Donald Trump has picked South Carolina Gov. Nikki Haley on Wednesday morning to be the new U.S. ambassador to the United Nations, and she has accepted. The nomination will have to be confirmed by the U.S. Senate before Haley replaces Samantha Power, who has held the job since 2013, but easy confirmation seems likely.

After criticism for only naming white men, including a white nationalist, to senior positions, Trump Wednesday offered positions to an Indian American woman and, reportedly, to a black man, Ben Carson, for secretary of housing and urban development.

Haley is an odd choice. Other than participating in some trade delegations as governor, she has basically no foreign policy experience. But given that names like Newt Gingrich, John Bolton, and Rudy Giuliani have been floated for senior foreign policy jobs in the administration, things could be worse.

Along with ongoing crises—from Syria to the Central African Republic to South Sudan—Haley’s new portfolio will include the ongoing global refugee crisis, an issue on which she does have a record, though a mixed one.

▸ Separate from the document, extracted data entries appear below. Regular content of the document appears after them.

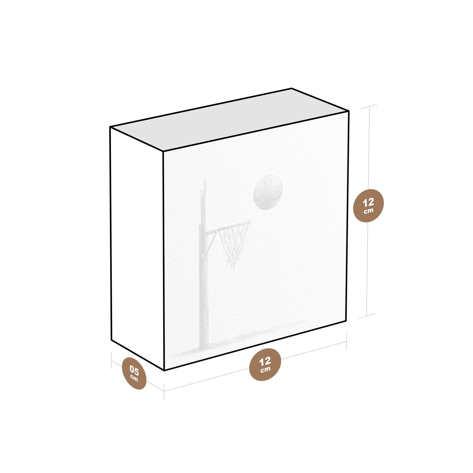 - Dimensões: 12 cm (largura) x 12 cm (altura) x 6 cm (profundidade);
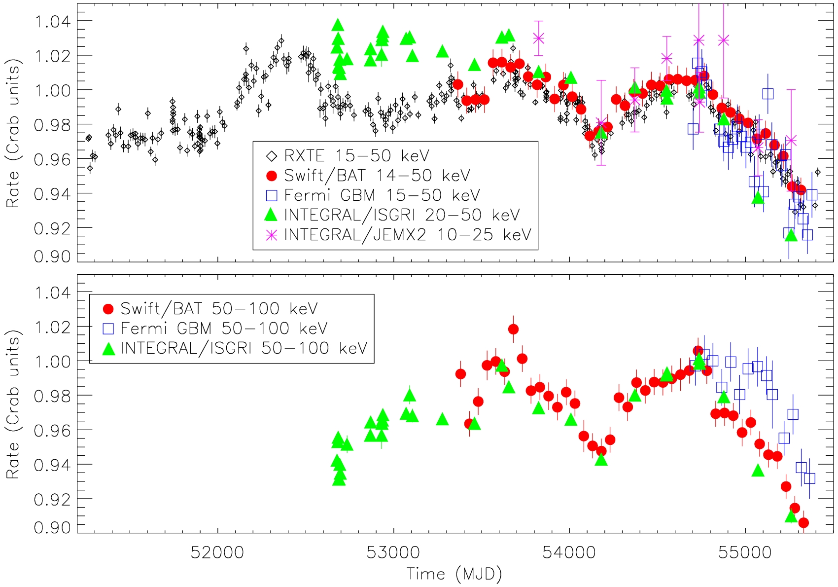 This graph shows the light curve of the Crab Nebula over a time interval of over 10 years, from 1999 to 2010. The data shown in the plot were gathered by NASA's Fermi Gamma-Ray Burst Monitor (Fermi/GBM), Swift Burst Alert Telescope (Swift/BAT), and Rossi X-ray Timing Explorer Proportional Counter Array (RXTE/PCA) as well as two instruments on board ESA's INTEGRAL observatory: the Imager on Board the INTEGRAL Satellite (IBIS) and the Joint European X-Ray Monitor (JEM-X), respectively.
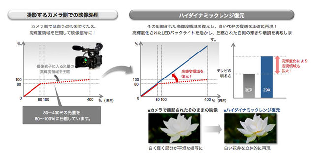 HOME > レビュー > レビュー記事一覧 【特別企画】「プレミアム4K」アピールの根拠とは? 東芝「4Kレグザ Z9X」の高画質化ポイントを徹底解説 折原一也 2014年06月09日 前の写真へ ハイダイナミックレンジ復元では、撮影時に圧縮された高輝度情報を高度に判断 前の写真へ この写真の記事へ 関連リンク 東芝 レグザ公式ページ

Haley earned the ire (and a lawsuit) of some anti-refugee lawmakers and activists by backing the efforts of faith groups to settle refugees in her state as part of President Obama’s resettlement plan, but also asked the State Department not to settle any Syrians in South Carolina after the November 2015 Paris terror attacks.

U.N. member states are waiting to see if Trump will follow through on his campaign pledge to “cancel” the Paris Agreement on Climate Change. It’s not clear if Haley believes that humans cause climate change, but she has criticized Environmental Protection Agency rules limiting carbon emissions

If Haley is confirmed, she would be replaced as governor by Lt. Gov. Henry McMaster, who was the first statewide politician in South Carolina to endorse Trump. One Machiavellian read on this could be that Trump is neutralizing a potential popular rival and critic by bringing her into the fold in a position that’s probably not going to be that much of a priority in his administration. Haley only tepidly and belatedly endorsed Trump after supporting Marco Rubio and then Ted Cruz during the Republican primary. He responded by calling the daughter of Indian immigrants “very, very weak on illegal immigration.” (She is not.)

Haley once called Trump “everything a governor doesn’t want in a president,” and discussing the prospect of a Trump presidency in September 2015, Haley said that Americans “want to know they’re sending someone up to the White House that’s going to be calm and cool-tempered and not get mad at someone just because they criticize him. We would really have a world war if that happens.”

At the time, she probably had little idea that she would soon be partly responsible for implementing that guy’s foreign policy and, perhaps, trying to prevent that war.